The determinative factor then is-were the places where the materials were placed, in the hand brake and air brake shops both located in the Coster shop of the carrier "points of storage". The fact that these points were near or far from the place where eventually used by the mechanics is not controlling although possibly the genesis of this dispute.


It does not appear that the materials where placed by the Stores Department were not in greater quantity than required by the mechanics for current use, nor that these placings were not of some permanence.


It is probable that the Purchasing and Stores Department had the right of possession of the materials and the right to exercise it until they were released on requisition. The burden is on the organization to show a violation either of the applicable rules or the agreement. It has not made this proof.

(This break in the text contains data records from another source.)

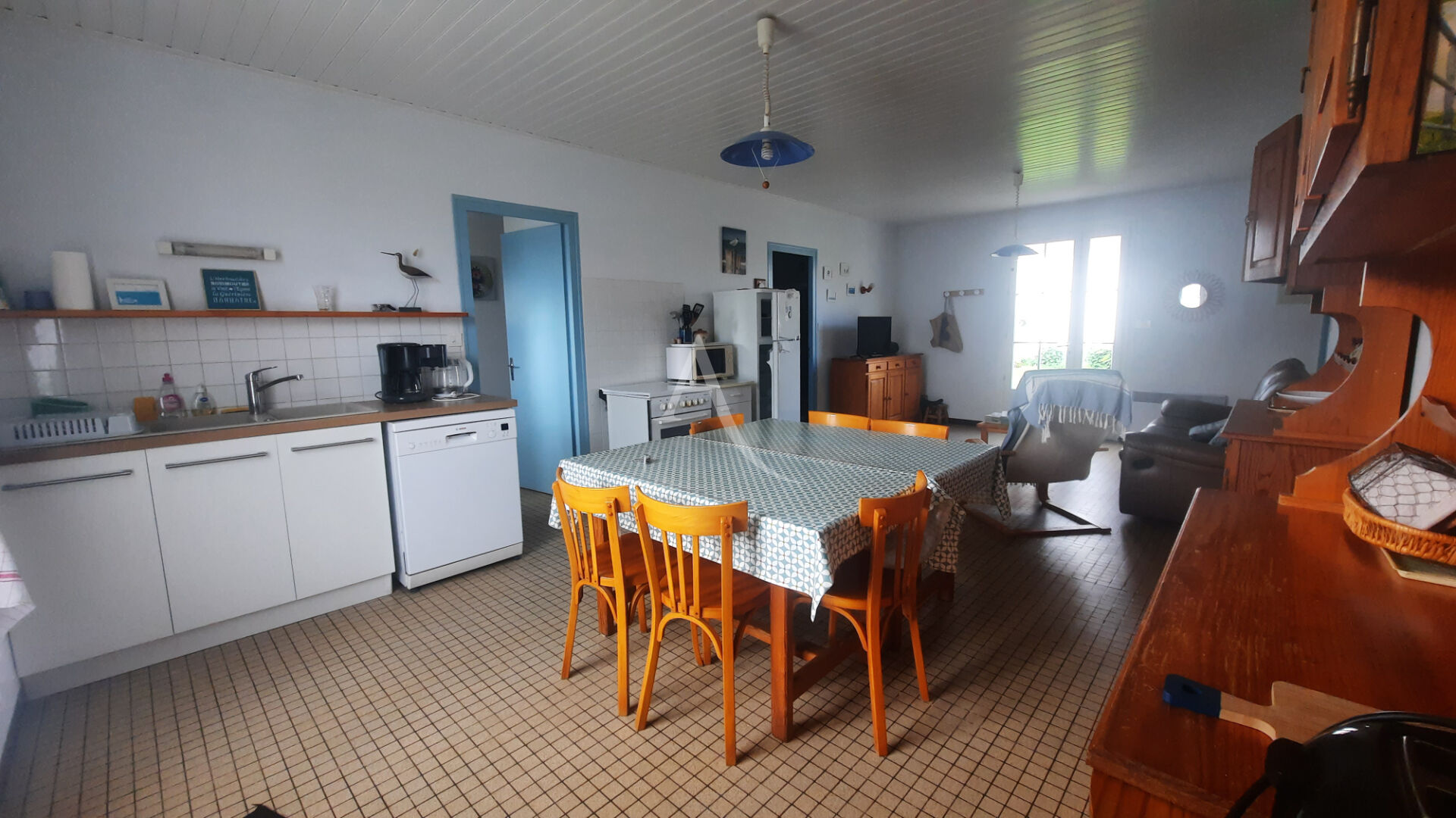 Dans le centre et à moins de 15 minutes à pied de la plage, maison de plain pied avec garage.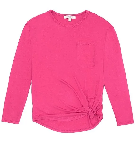 Big Girls 7-16 Long Sleeve Pocket T-Shirt With Knot Front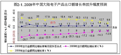 2008年下半年,國際金融風(fēng)暴席卷全球,以出口為主導(dǎo)的中國大陸電子信息產(chǎn)業(yè)直接受到?jīng)_擊,產(chǎn)品進(jìn)出口受阻,導(dǎo)致產(chǎn)品產(chǎn)量不斷下降,到今年元月份下降到谷底。由于中國政府及時(shí)實(shí)行積極的財(cái)政政策,調(diào)整產(chǎn)品結(jié)構(gòu),努力擴(kuò)大內(nèi)需,電子信息產(chǎn)業(yè)從2月份開始逐漸回升。雖然在個(gè)別月份有所波動(dòng),但回升趨勢(shì)穩(wěn)定向好。預(yù)計(jì)2009年全行業(yè)能實(shí)現(xiàn)5%左右的增長;進(jìn)出口額雖然有較大幅度的回升,但仍將呈現(xiàn)負(fù)增長;由于政府積極擴(kuò)大內(nèi)需,國內(nèi)市場(chǎng)將繼續(xù)保持10%左右的較快增長。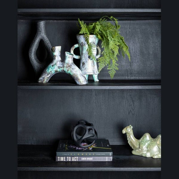 Keramieken vaas. Voorzien van pootjes en oren, afgewerkt in turquoise glazuur met antieke look. Past perfect in een interieur met brocante stijl.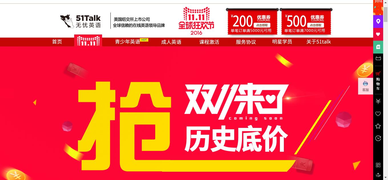 51Talk在天猫的旗舰店打出“历史底价”吸睛。从11月1日起,51Talk就开始为双十一预热了。1日到8日,51Talk推出“1元秒杀”价值99元的成人和青少年外教体验课,及原价480元外教口语集训课的1折优惠。9日到11日,51Talk几项成人课程开展限时特价,降价幅度从100到2400元不等。多个次卡课程包同步优惠,51Talk的这次双十一展示了足够的诚意。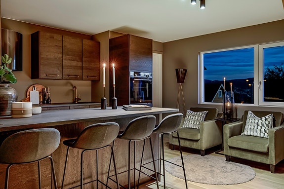 Kjøkken: Nytt kjøkken fra KVIK med oppvaskmaskin, stekeovn, induksjons-platetopp, kjøleksap og kombiskap. Siemens. Kjøkken er fullt utstyrt. Møblert med spisebord og stoler.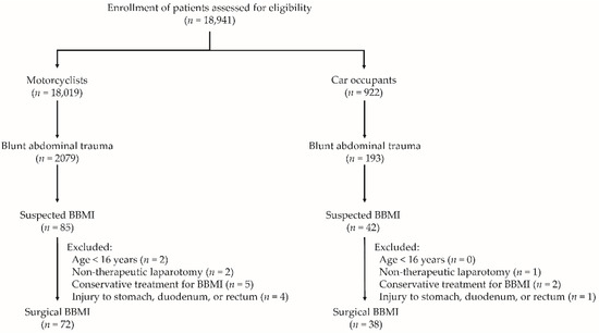 This study reviewed data from the Trauma Registry System from 1 January, 2009, to 31 December, 2020, in a 2686-bed level I trauma center that provides care to trauma patients in southern Taiwan [8,9,20]. All registered data recorded after trauma accidents were retrospectively collected and input into the hospital-based databank by two qualified nurses with specific responsibility for the integrity of the registered data [8,9,20]. Only motorcyclists and car occupants with BAT were included, whereas pedestrians involved in accidents or patients injured by causes other than motorcycle or car accidents were excluded. All patients (≥16 years of age) with surgical BBMI following BAT were surgically proven with small bowel, colon, or mesentery injuries. In total, 18,941 hospitalized patients were assessed. Among these, 18,019 motorcyclists and 922 car occupants were enrolled in this study (Figure 1). Of these, 2272 patients, including 2079 motorcyclists and 193 car occupants, had sustained BAT. There were 85 motorcyclists and 42 car occupants with suspected BBMI. After excluding those aged <16 years and who had received nontherapeutic laparotomy—conservative treatment for BBMI—and injury to the stomach, duodenum, or rectum during laparotomy, data from 72 motorcyclists and 38 car occupants who sustained surgical BBMI were eligible for further analysis.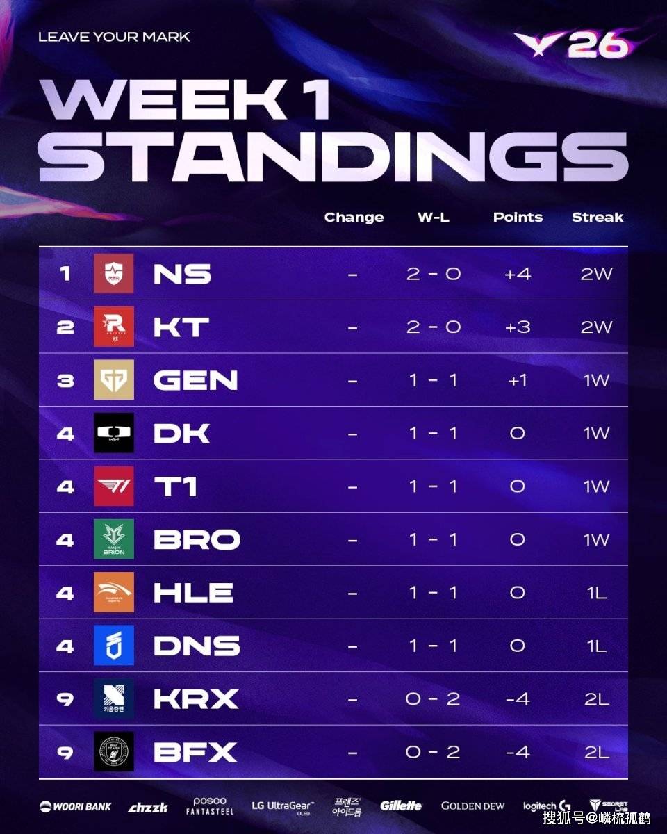 LCK联赛的第1-2轮常规赛是从4月1号就开始的,一周比赛结束后,整个积分榜的形势与此前联赛开局大为不同,首先GEN和T1在本周都有一场翻车,且皆败在了KT手里,他们先是2-0横扫了T1,然后又打满三局的情况下击败GEN,目前位列联赛第二,而联赛第一居然是NS,NS这个队伍在本周的对手都是联赛中游的队伍,先是2-0横扫DK,然后又虐了DNS。
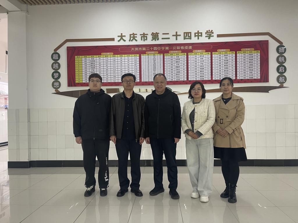 为落实学校4月10日召开的职业技能训练方案汇报会会议精神,进一步做好数学科学学院数学师范生教师职业技能训练实施方案设计和实施工作,数学科学学院院长高扬、副院长沙元霞、教学秘书牛博一行三人赴大庆市第二十四中学进行交流研讨。大庆市第二十四中学党总支书记成庆、教学副校长侯慧热情接待并全程参与研讨交流。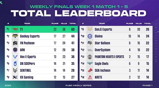 '60점' T1, 1주차 '위클리 파이널' 1일차 1위…지케이 2위·FN포천 3위 (PWS: 페이즈 1) [종합]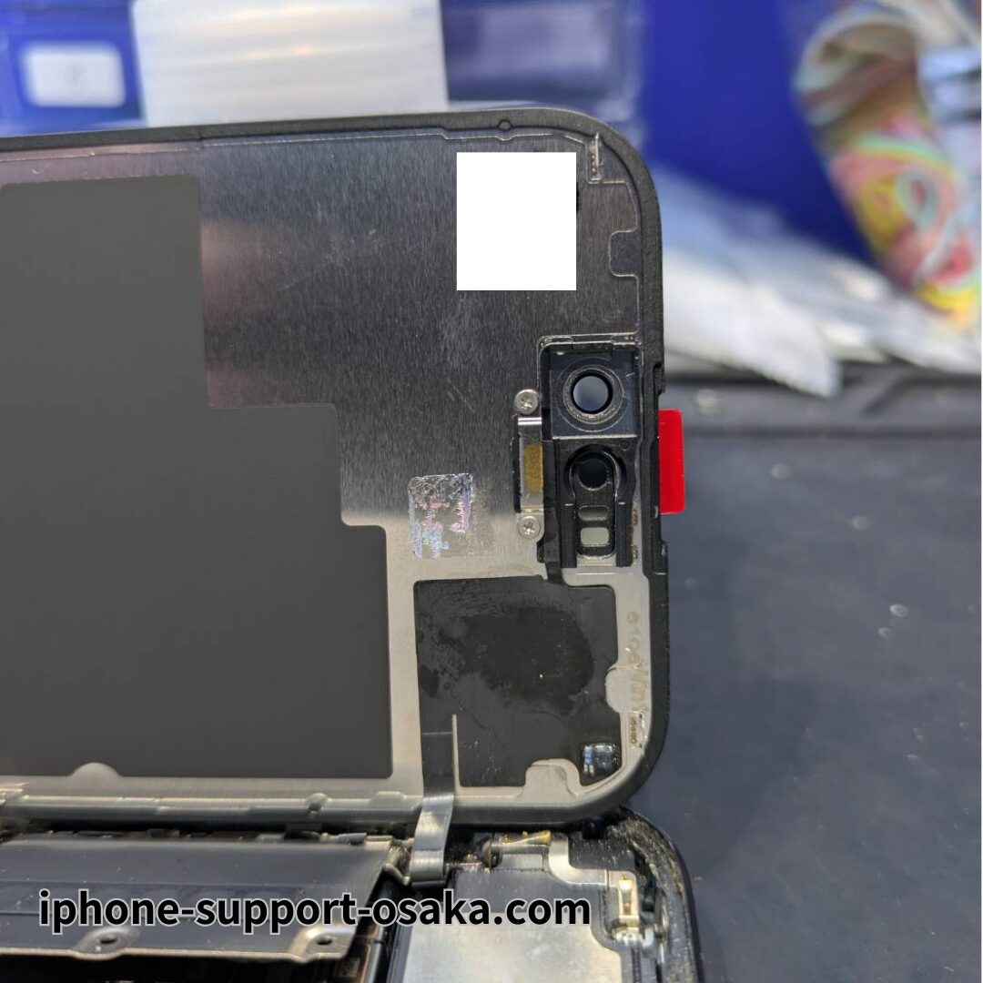 古い画面からフロントセンサーを新しい画面へ移植し、すべての部品とプレートを元に戻して修理完了です。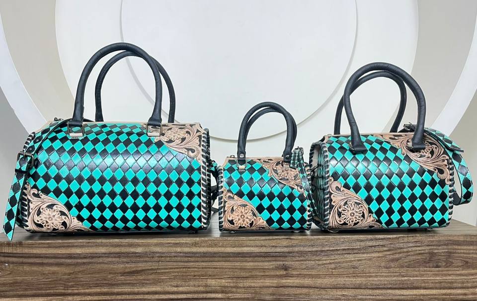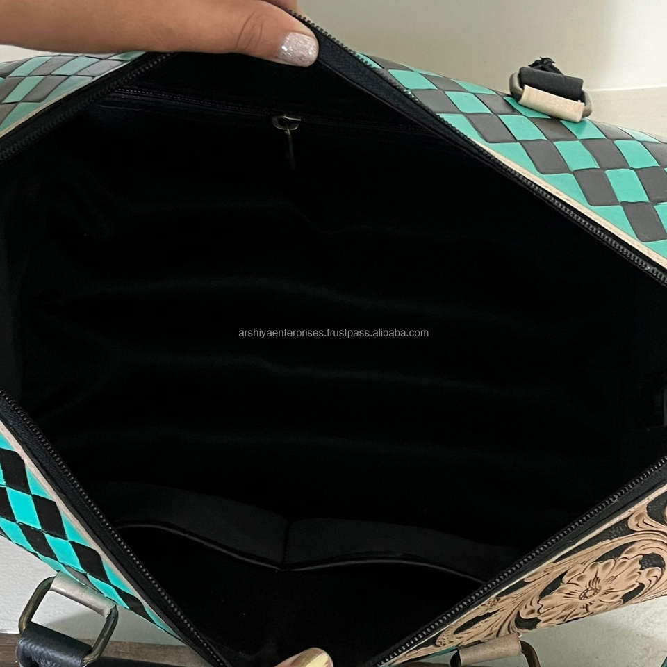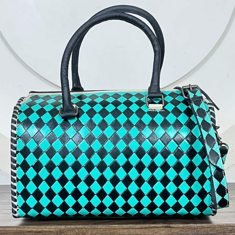 Product name:Hand Tooled Checkered Leather Speedy Duffle Bags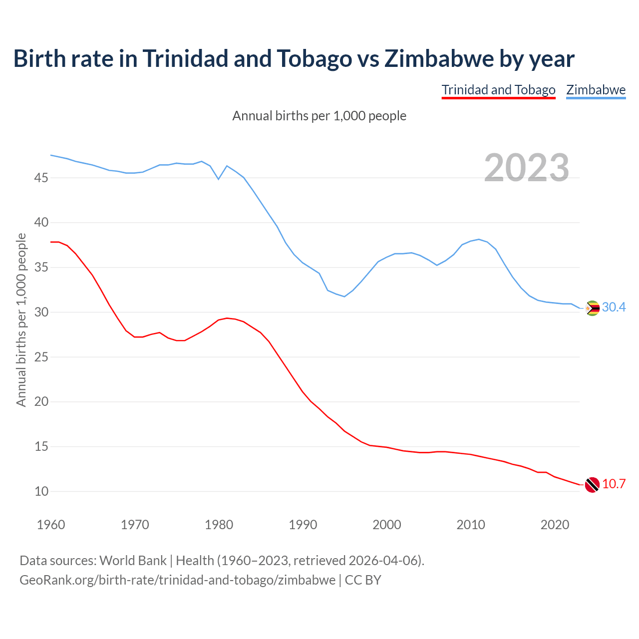 GeoRank.org/birth-rate/trinidad-and-tobago/zimbabwe | CC BY

Carrier urges that this Division has not jurisdiction to adjudicate this claim until notice of the pendency of this proceeding is given to the employes of the Purchasing and Stores Department, an interested and necessary party under Section 3, Fourth Division (j) of the Railway Labor Act. In view of the award which in effect is favorable to the third party it is unnecessary to pass upon this question of notice. See majority opinion Whitehouse, et al. v. Illinois Central Railroad Company, 349 U. S. 366.










Dated at Chicago, Illinois, this 23rd day of June 1959.